Bibliografia ai link e a richiesta: bllgpp@gmail.com

P.S. Confronto tra gestione IMA e Ictus in P.S.

Prestazioni e Diagnosi effettuate al Pronto Soccorso

In tutti i casi di IMA o Ictus i ricoverati transitati dal PS sono stati sottoposti ad esami microscopici di campioni di varia natura (sangue e urine).

Per quanto riguarda le prestazioni legate in modo più specifico alla patologia cardiaca sono stati eseguiti:

  • 7.072 soggetti (80,3%) avevano eseguito la ricerca di un marker di danno cardiaco (CPK, codice=90154; TROPONINE, codice=90436 e/o90823)
  • 6.243 soggetti (70,9%) avevano avuto uno o più ECG (codice=895*)
  • 1.208 (13,7%) un ecocardiogramma (codice=8872*)
  • 3.518 (39,9%) una radiografia del torace (codice=874*)

I soggetti con sospetto ictus sono stati sotto posti ai seguenti accertamenti specifici:

  •  7.299 soggetti (77,2%) avevano eseguito una TAC del capo (codice prestazione= 87.03)
  •  201 soggetti (2,2%) erano stati sottoposti a RMN del capo (codice prestazione=88.90 o 88.91)

Mortalità a 1 e 28 giorni ed esiti

Dei 8,808 casi di IMA con accesso al PS 794 (9,0%) risultavano deceduti prima del il 28 giorno, in particolare 229 (2,6%) risultavano deceduti entro 24 ore dall’accesso in PS, mentre 565 (6,4%) tra la seconda e la 28° giornata. Sia la mortalità a 1 che a 28 giorni risultavano associate all’età più avanzata ed anche al codice di triage attribuito.

 Dei 9.456 casi di ictus con accesso al PS 1.423 (15,1%) risultavano deceduti prima del il 28 giorno, in particolare 284 (3,0%) risultavano deceduti entro 24 ore dall’accesso in PS, mentre 1.139 (12,1%) tra la seconda e la 28° giornata.
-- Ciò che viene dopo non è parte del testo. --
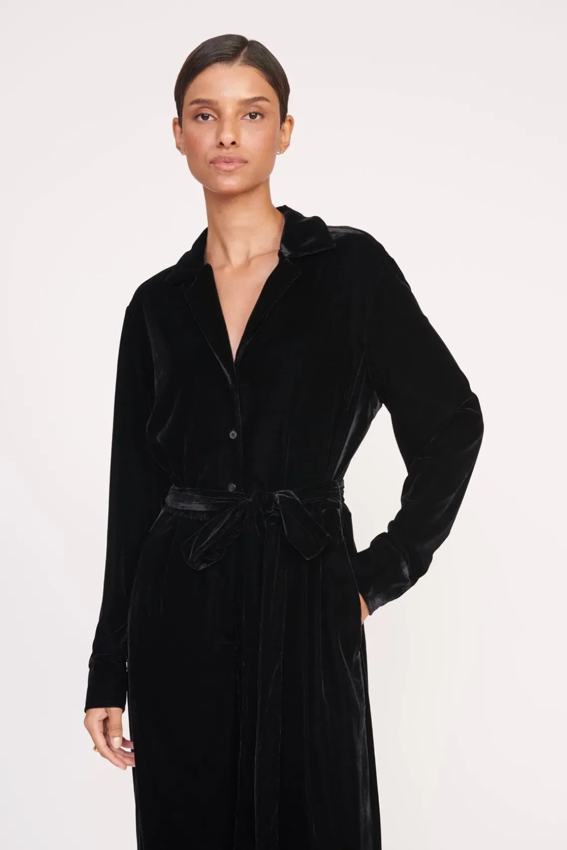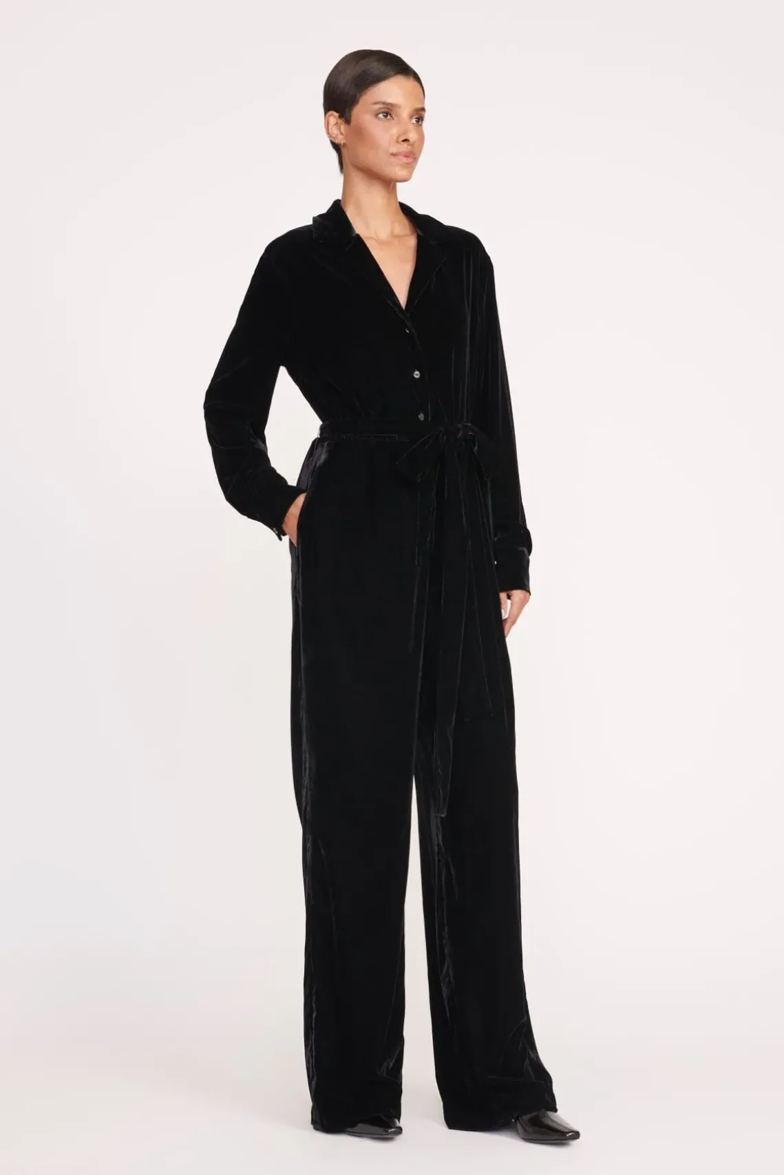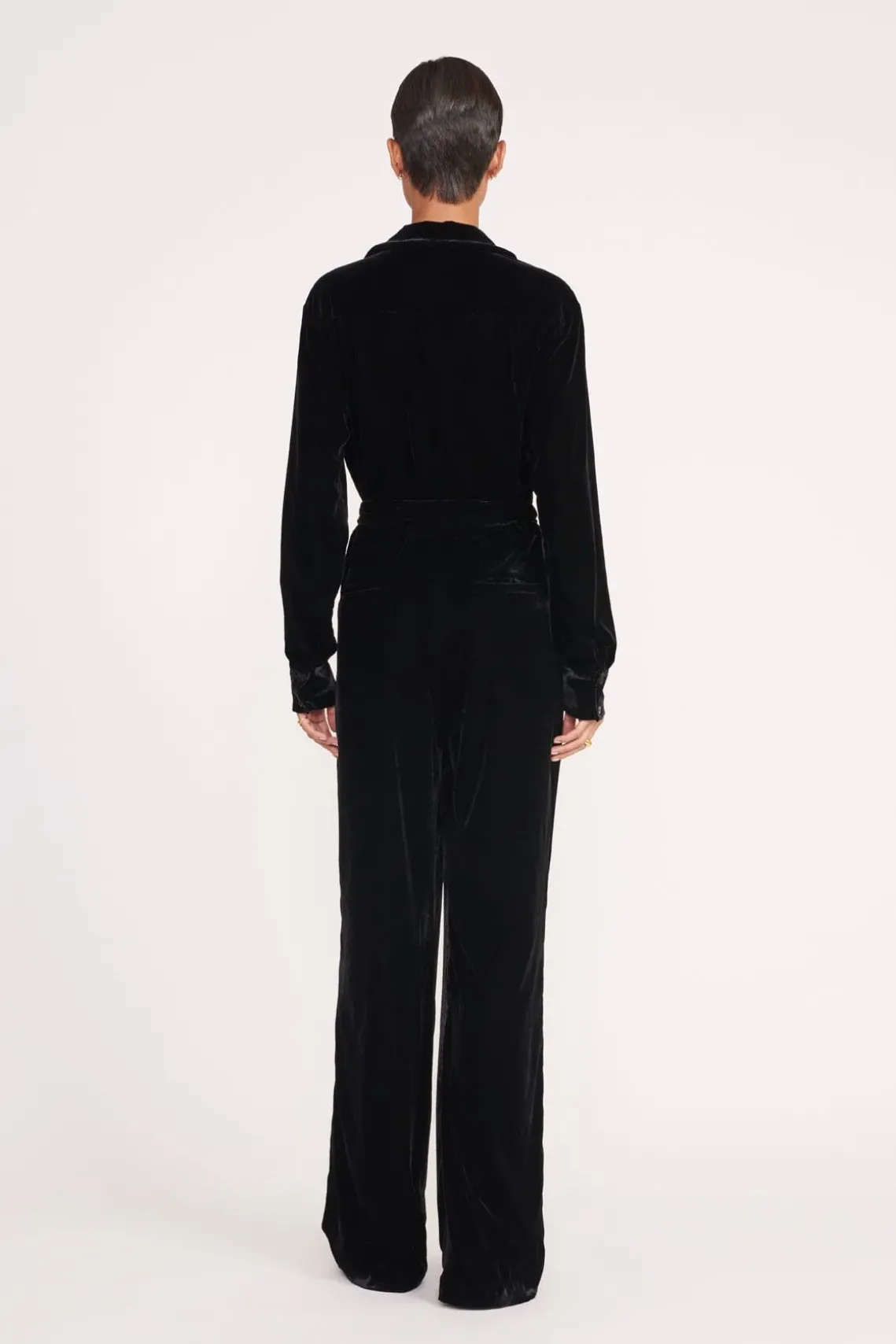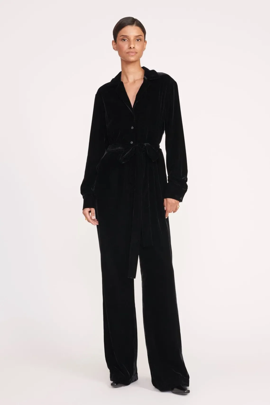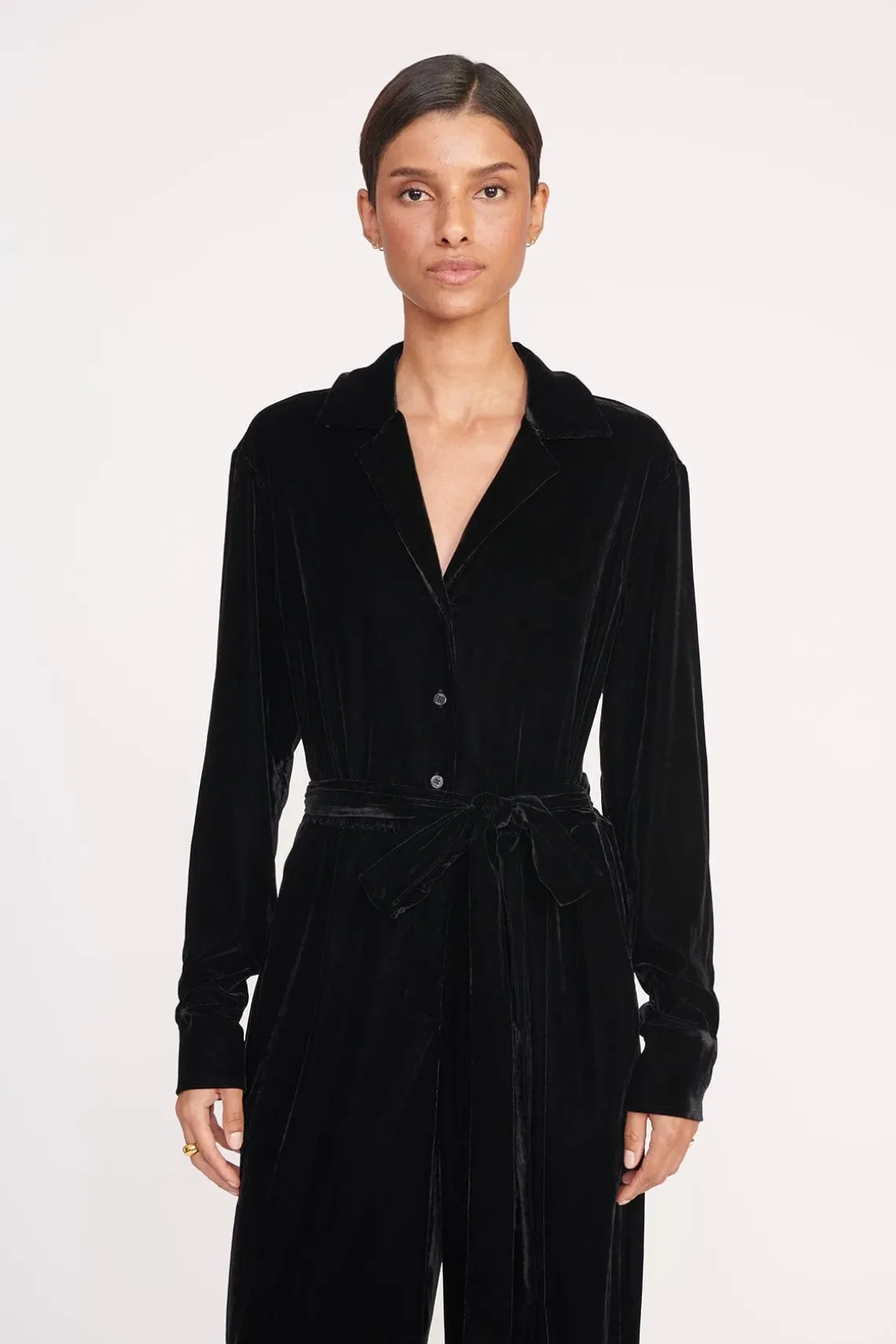 The Elijah Jumpsuit is a long sleeve jumpsuit crafted in our slinky velvet. This style features a button down front, collar neckline, and a tie at the waist.

Anche per l’Ictus la mortalità a 1 e a 28 giorni risultavano associate all’età più avanzata e al codice di triage attribuito all’ingresso.

 Nell’arco temporale di osservazione i soggetti con IMA si presentano al PS con un problema principale tipico dell’infarto miocardio acuto (dolore toracico o precordiale, alterazione del ritmo, dispnea) dal 45,9% del 2012 al 63,7% del 2016, mentre per l’ictus il disturbo riconducibile a un problema neurologico è passato dal 27,3% del 2012 al 49,7% del 2016. In entrambi i casi il fenomeno potrebbe essere spiegato sia da una maggior sensibilità dei pazienti nel riferire i sintomi, sia da una maggiore attenzione e attitudine al riconoscimento del personale dei PS durante il triage.

Nonostante la grande variabilità dei sintomi riferiti dai pazienti con IMA giunti in PS nel 90% sono stati attribuiti loro codici gialli e /o rossi, mentre nei casi di ictus sono stati attribuiti i medesimi codici cromatici nell’88% dei casi.